## WHAT YOU SHOULD DO:
Below are some records. Quote exactly the lines from the one that contains "Chrysanthemum bush - 5" through the last, both included, and leave out the pictures.

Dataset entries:
——————————
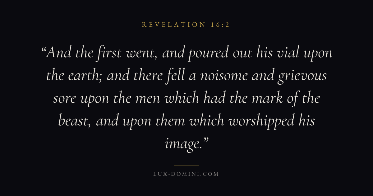 And the first went, and poured out his vial upon the earth; and there fell a noisome and grievous sore upon the men which had the mark of the beast, and upon them which worshipped his image.
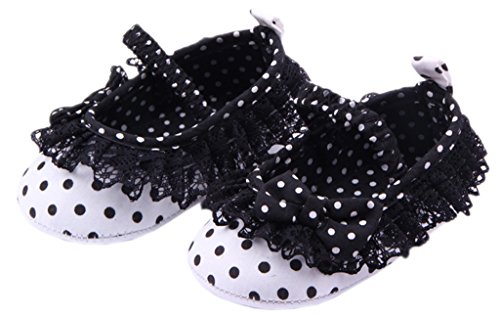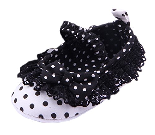 (ビグッド)Bigood 超可愛いベビーファーストシューズベビー靴 リボン水玉 滑め防ぐ靴 部屋履き ソフトソール赤ちゃんシューズブラック13cm
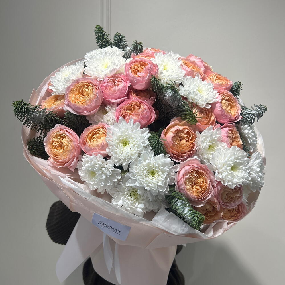 Chrysanthemum bush - 5 pcs Nobilis - 1 pcs bush rose juliet - 7 pcs
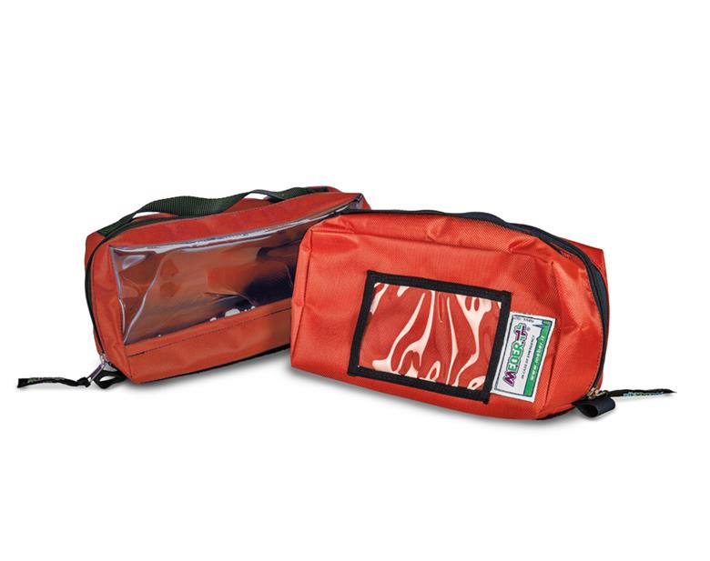 Grey, blue, red, ornage, rectangular inside bag for knapsacks.
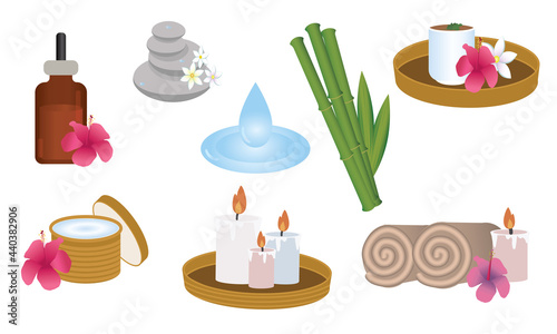 Spa center horizontal banner vector template set. Realistic illustration of bamboo stalks with leaves, aroma candles, soil, massage oil, stones and flowers. Spa beauty salon cards, web banners.
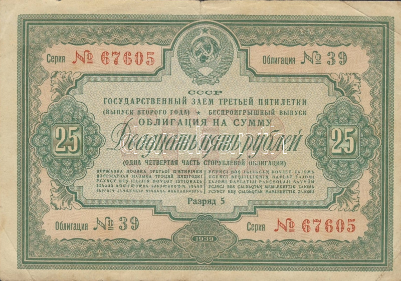 Beschreibung: Szovjetunió 1939. III. ötéves terv békekölcsön 25R, pénz helyett is használható volt! T:III+
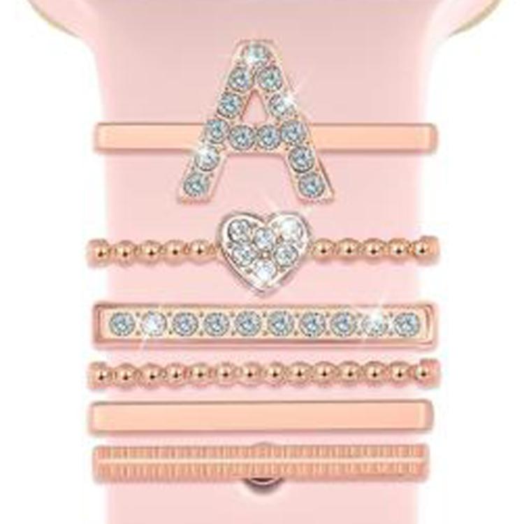 Juego de 6 correas de silicona universales para reloj inteligente, anillos decorativos de metal, tamaño A (oro rosa)
——————————
## RESPONSE TO THIS TASK:
 Chrysanthemum bush - 5 pcs Nobilis - 1 pcs bush rose juliet - 7 pcs
 Grey, blue, red, ornage, rectangular inside bag for knapsacks.
 Spa center horizontal banner vector template set. Realistic illustration of bamboo stalks with leaves, aroma candles, soil, massage oil, stones and flowers. Spa beauty salon cards, web banners.
 Beschreibung: Szovjetunió 1939. III. ötéves terv békekölcsön 25R, pénz helyett is használható volt! T:III+
 Juego de 6 correas de silicona universales para reloj inteligente, anillos decorativos de metal, tamaño A (oro rosa)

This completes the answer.